═══ Provided material

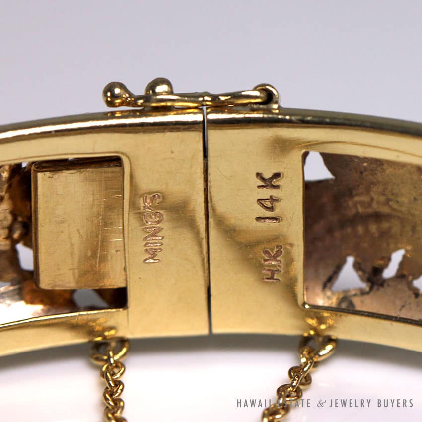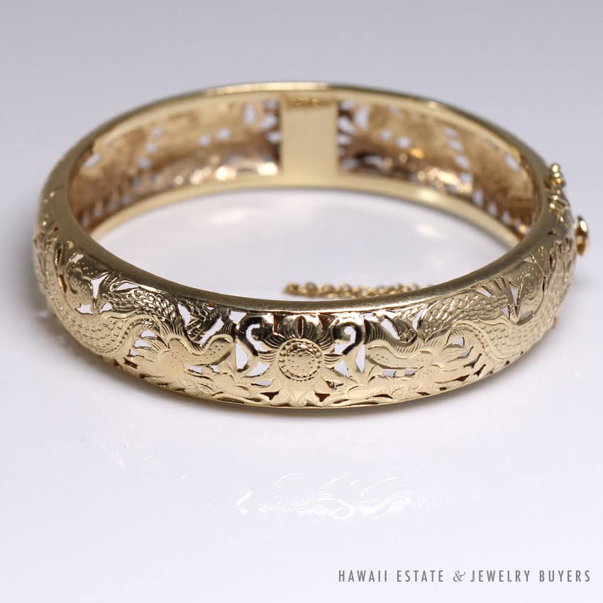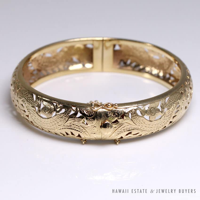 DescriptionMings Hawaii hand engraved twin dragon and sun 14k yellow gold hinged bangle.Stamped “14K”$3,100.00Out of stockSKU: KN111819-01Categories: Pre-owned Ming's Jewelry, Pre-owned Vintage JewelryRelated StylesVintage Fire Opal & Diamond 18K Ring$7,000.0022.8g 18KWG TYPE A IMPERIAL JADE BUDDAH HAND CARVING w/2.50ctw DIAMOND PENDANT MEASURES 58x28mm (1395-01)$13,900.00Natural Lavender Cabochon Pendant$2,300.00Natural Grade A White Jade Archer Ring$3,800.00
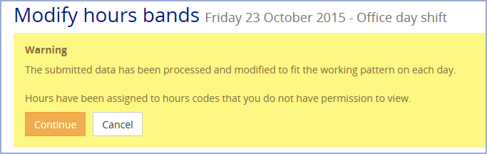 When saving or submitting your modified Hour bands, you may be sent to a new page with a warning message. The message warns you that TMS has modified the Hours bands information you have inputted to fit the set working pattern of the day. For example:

══════
═══ Provided material

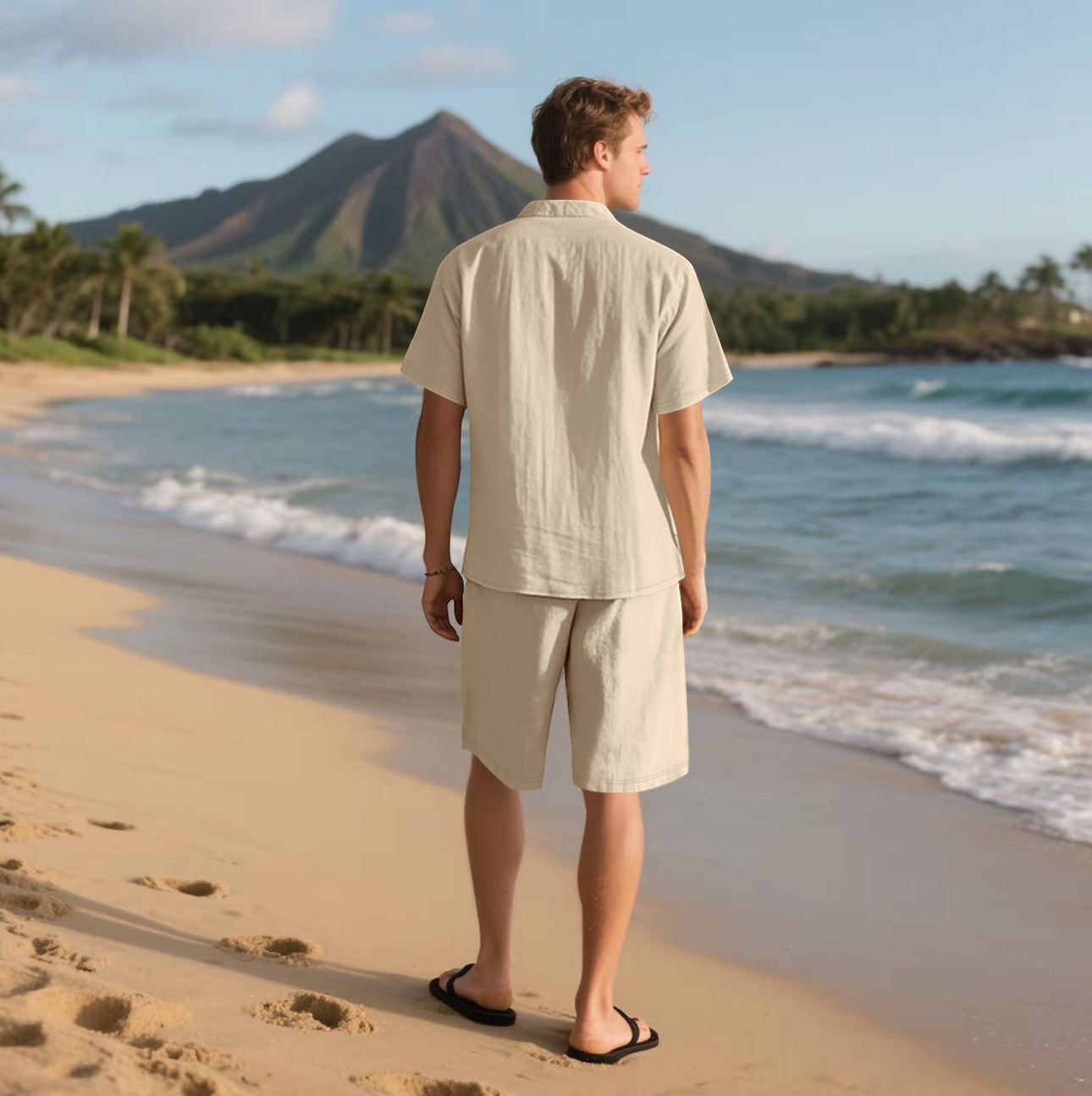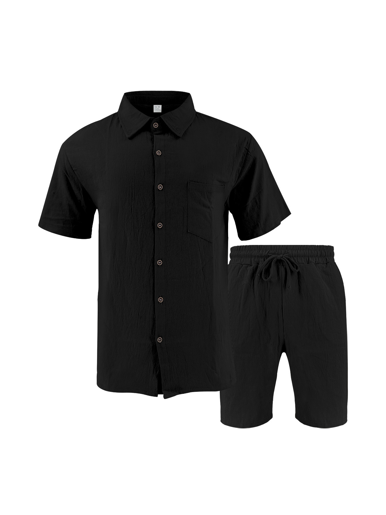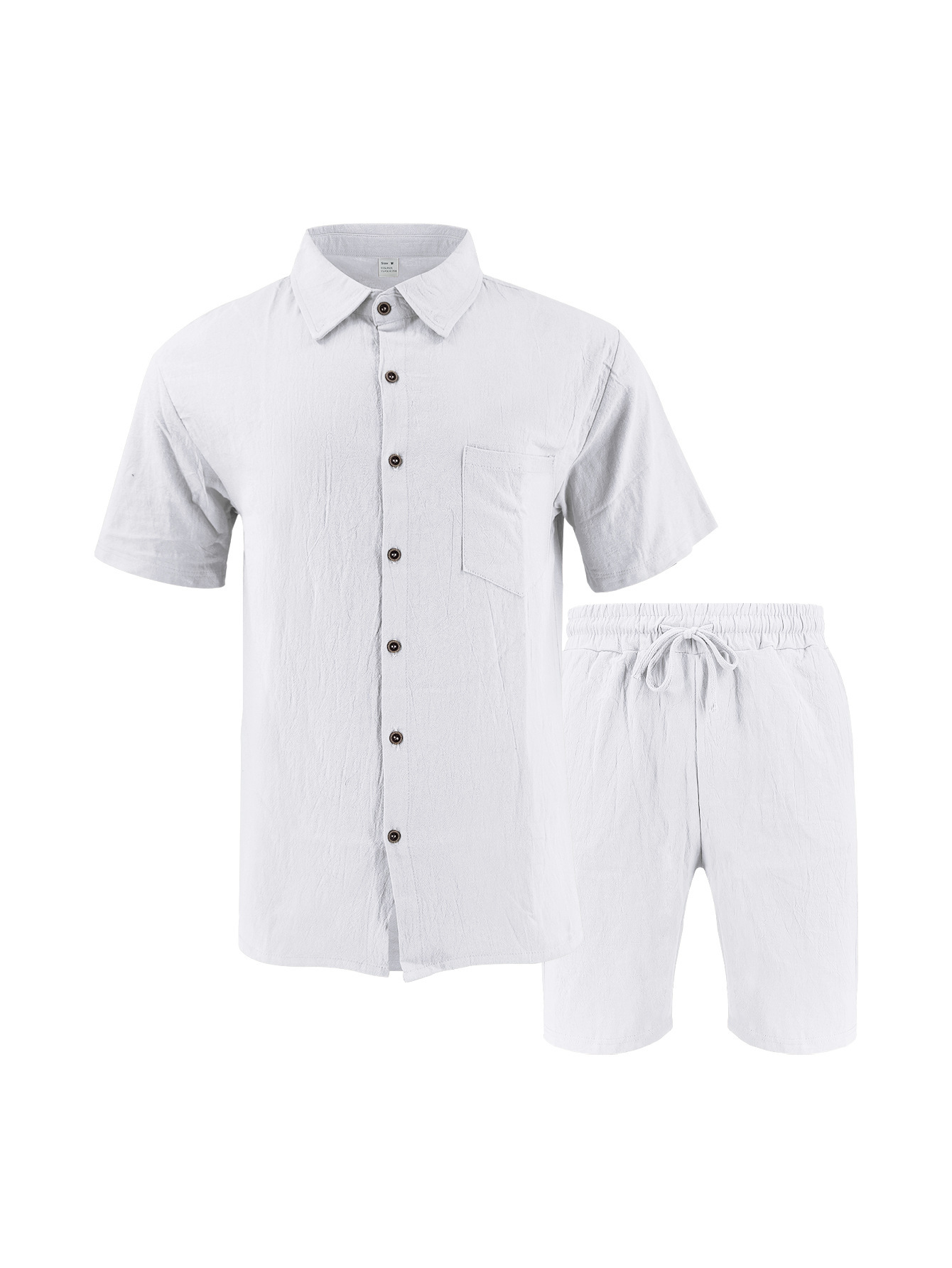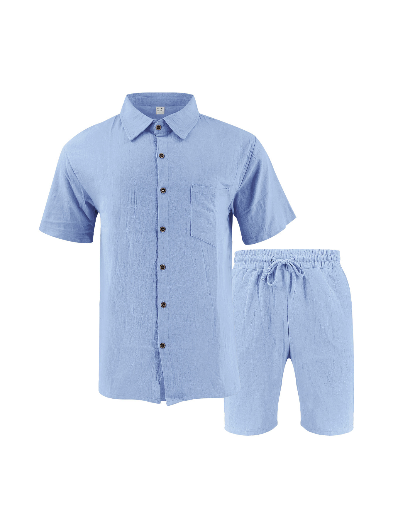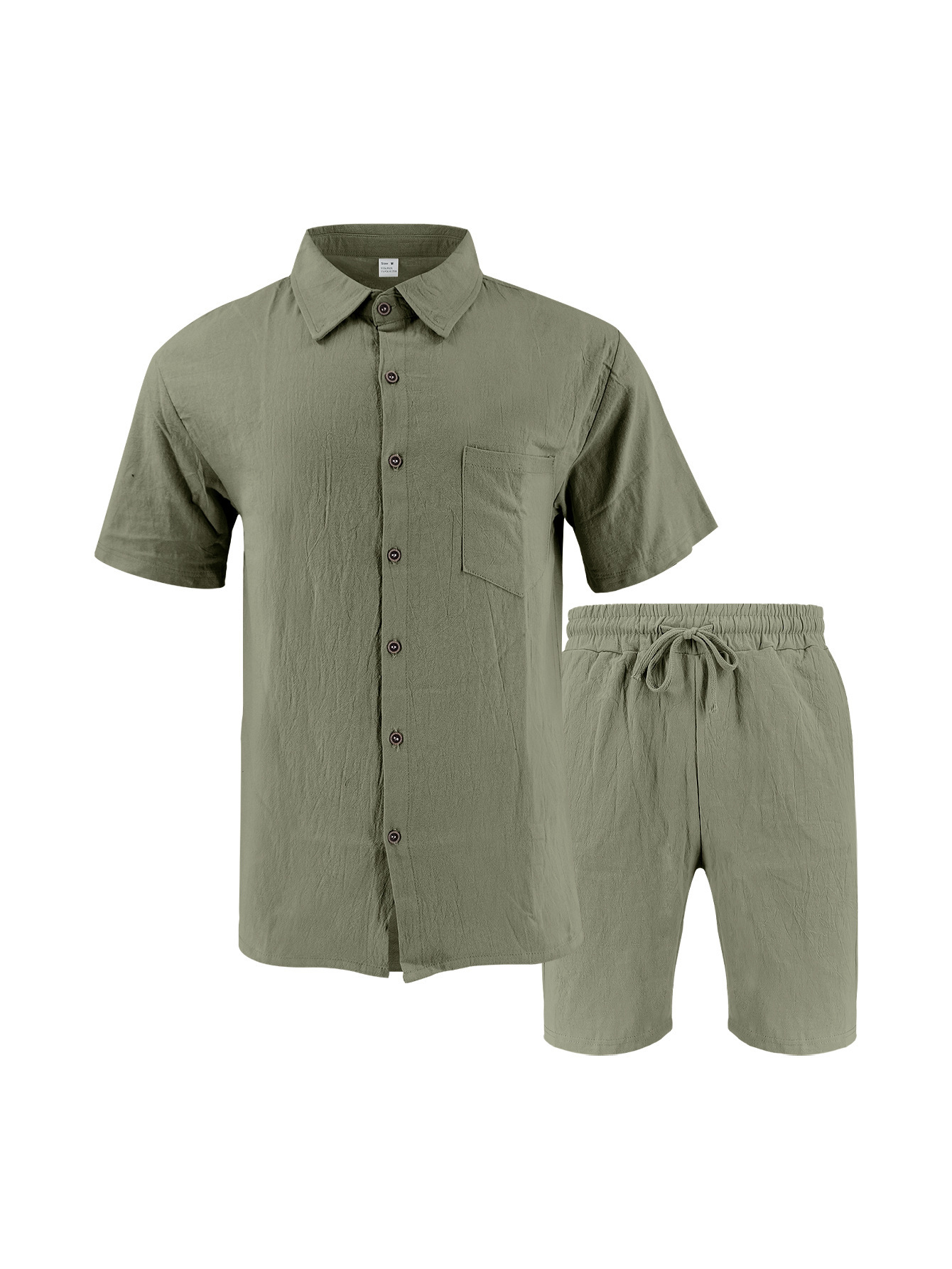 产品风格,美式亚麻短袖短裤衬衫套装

══════

Problem to solve: Reproduce the listing above only between the lines holding "DescriptionMings Hawaii hand" and "When saving or", inclusive. Every line must match exactly, and pictures are dropped.

Solution for this problem:
 DescriptionMings Hawaii hand engraved twin dragon and sun 14k yellow gold hinged bangle.Stamped “14K”$3,100.00Out of stockSKU: KN111819-01Categories: Pre-owned Ming's Jewelry, Pre-owned Vintage JewelryRelated StylesVintage Fire Opal & Diamond 18K Ring$7,000.0022.8g 18KWG TYPE A IMPERIAL JADE BUDDAH HAND CARVING w/2.50ctw DIAMOND PENDANT MEASURES 58x28mm (1395-01)$13,900.00Natural Lavender Cabochon Pendant$2,300.00Natural Grade A White Jade Archer Ring$3,800.00
 When saving or submitting your modified Hour bands, you may be sent to a new page with a warning message. The message warns you that TMS has modified the Hours bands information you have inputted to fit the set working pattern of the day. For example:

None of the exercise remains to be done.